Aim of the task: Your answer should hold the data exactly as given, minus any picture.

***

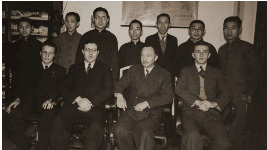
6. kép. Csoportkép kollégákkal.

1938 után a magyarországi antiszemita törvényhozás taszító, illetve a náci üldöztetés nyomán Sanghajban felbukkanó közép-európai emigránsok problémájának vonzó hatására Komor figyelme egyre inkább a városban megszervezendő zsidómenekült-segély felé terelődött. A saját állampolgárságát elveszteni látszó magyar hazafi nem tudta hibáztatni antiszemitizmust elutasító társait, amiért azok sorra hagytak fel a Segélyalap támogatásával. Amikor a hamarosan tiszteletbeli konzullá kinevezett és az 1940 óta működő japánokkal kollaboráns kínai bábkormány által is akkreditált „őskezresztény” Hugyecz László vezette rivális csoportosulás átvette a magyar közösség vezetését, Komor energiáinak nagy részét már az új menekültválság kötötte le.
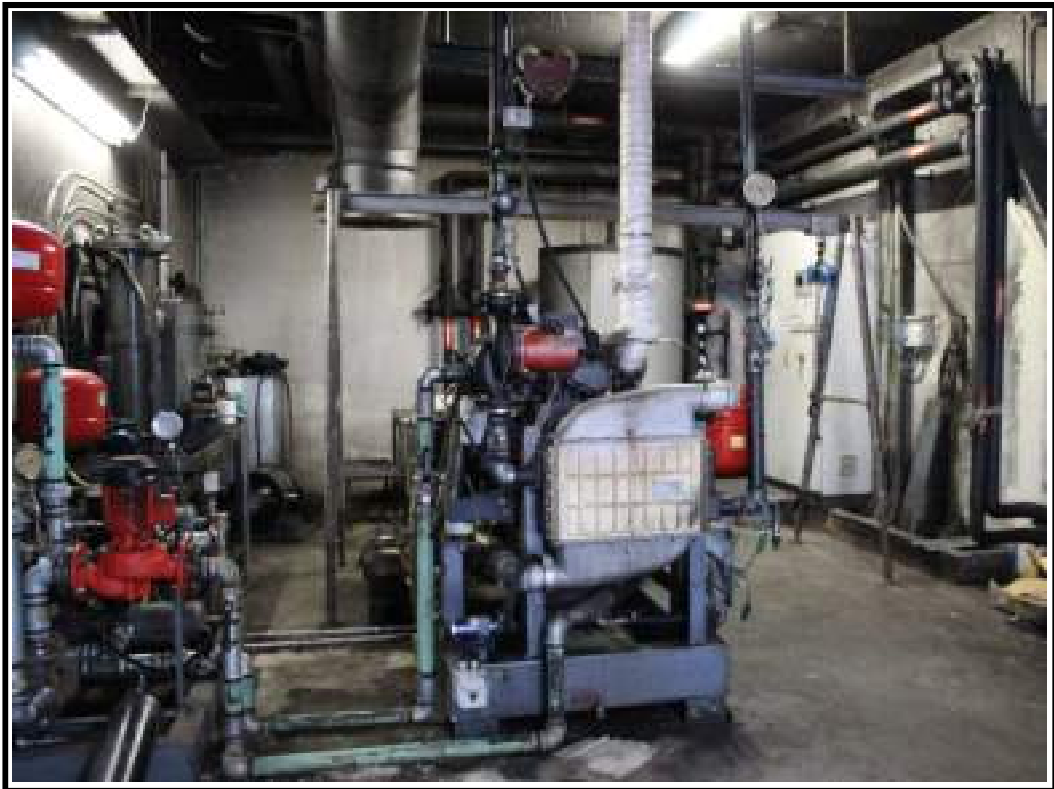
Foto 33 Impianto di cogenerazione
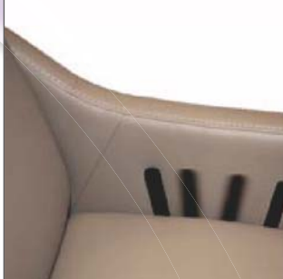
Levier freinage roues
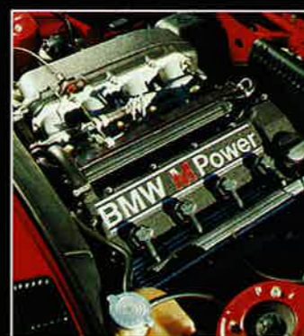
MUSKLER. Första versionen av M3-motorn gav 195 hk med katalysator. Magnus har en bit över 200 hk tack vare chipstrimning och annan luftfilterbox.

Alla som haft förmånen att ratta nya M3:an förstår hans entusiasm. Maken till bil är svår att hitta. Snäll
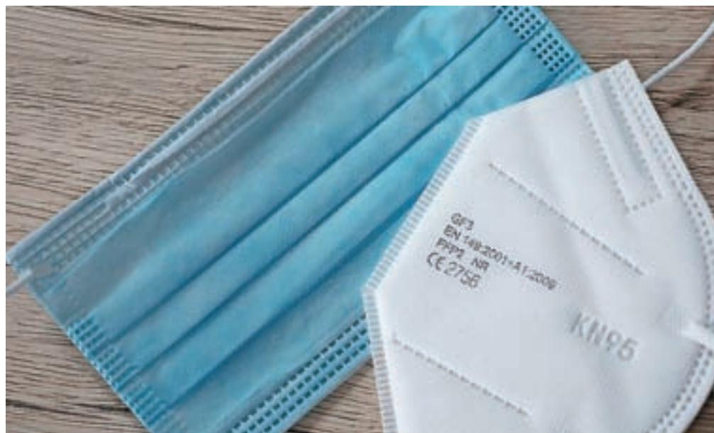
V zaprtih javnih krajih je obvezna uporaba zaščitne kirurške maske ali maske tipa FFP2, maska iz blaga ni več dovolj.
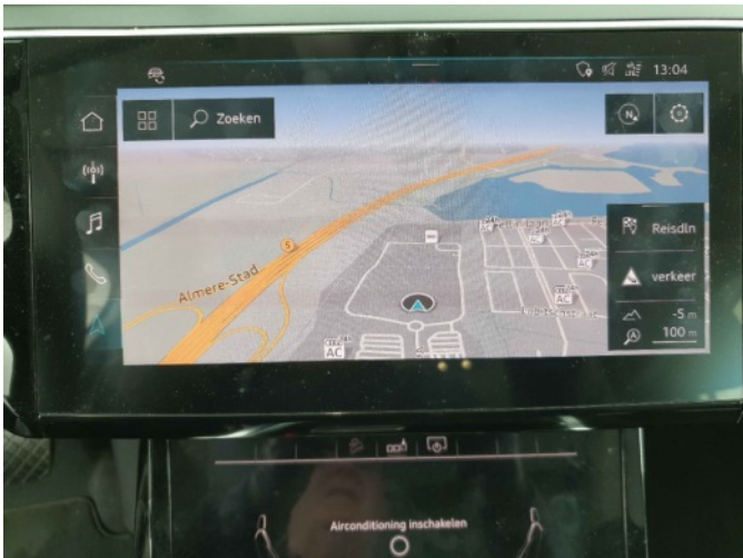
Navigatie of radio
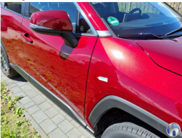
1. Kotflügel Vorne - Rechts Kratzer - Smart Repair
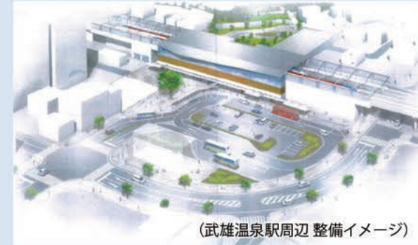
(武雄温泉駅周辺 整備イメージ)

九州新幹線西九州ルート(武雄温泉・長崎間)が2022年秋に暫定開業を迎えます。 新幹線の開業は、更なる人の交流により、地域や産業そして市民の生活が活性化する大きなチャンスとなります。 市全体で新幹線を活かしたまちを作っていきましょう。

***

Solution for this problem:
6. kép. Csoportkép kollégákkal.

1938 után a magyarországi antiszemita törvényhozás taszító, illetve a náci üldöztetés nyomán Sanghajban felbukkanó közép-európai emigránsok problémájának vonzó hatására Komor figyelme egyre inkább a városban megszervezendő zsidómenekült-segély felé terelődött. A saját állampolgárságát elveszteni látszó magyar hazafi nem tudta hibáztatni antiszemitizmust elutasító társait, amiért azok sorra hagytak fel a Segélyalap támogatásával. Amikor a hamarosan tiszteletbeli konzullá kinevezett és az 1940 óta működő japánokkal kollaboráns kínai bábkormány által is akkreditált „őskezresztény” Hugyecz László vezette rivális csoportosulás átvette a magyar közösség vezetését, Komor energiáinak nagy részét már az új menekültválság kötötte le.
Foto 33 Impianto di cogenerazione
Levier freinage roues
MUSKLER. Första versionen av M3-motorn gav 195 hk med katalysator. Magnus har en bit över 200 hk tack vare chipstrimning och annan luftfilterbox.

Alla som haft förmånen att ratta nya M3:an förstår hans entusiasm. Maken till bil är svår att hitta. Snäll
V zaprtih javnih krajih je obvezna uporaba zaščitne kirurške maske ali maske tipa FFP2, maska iz blaga ni več dovolj.
Navigatie of radio
1. Kotflügel Vorne - Rechts Kratzer - Smart Repair
(武雄温泉駅周辺 整備イメージ)

九州新幹線西九州ルート(武雄温泉・長崎間)が2022年秋に暫定開業を迎えます。 新幹線の開業は、更なる人の交流により、地域や産業そして市民の生活が活性化する大きなチャンスとなります。 市全体で新幹線を活かしたまちを作っていきましょう。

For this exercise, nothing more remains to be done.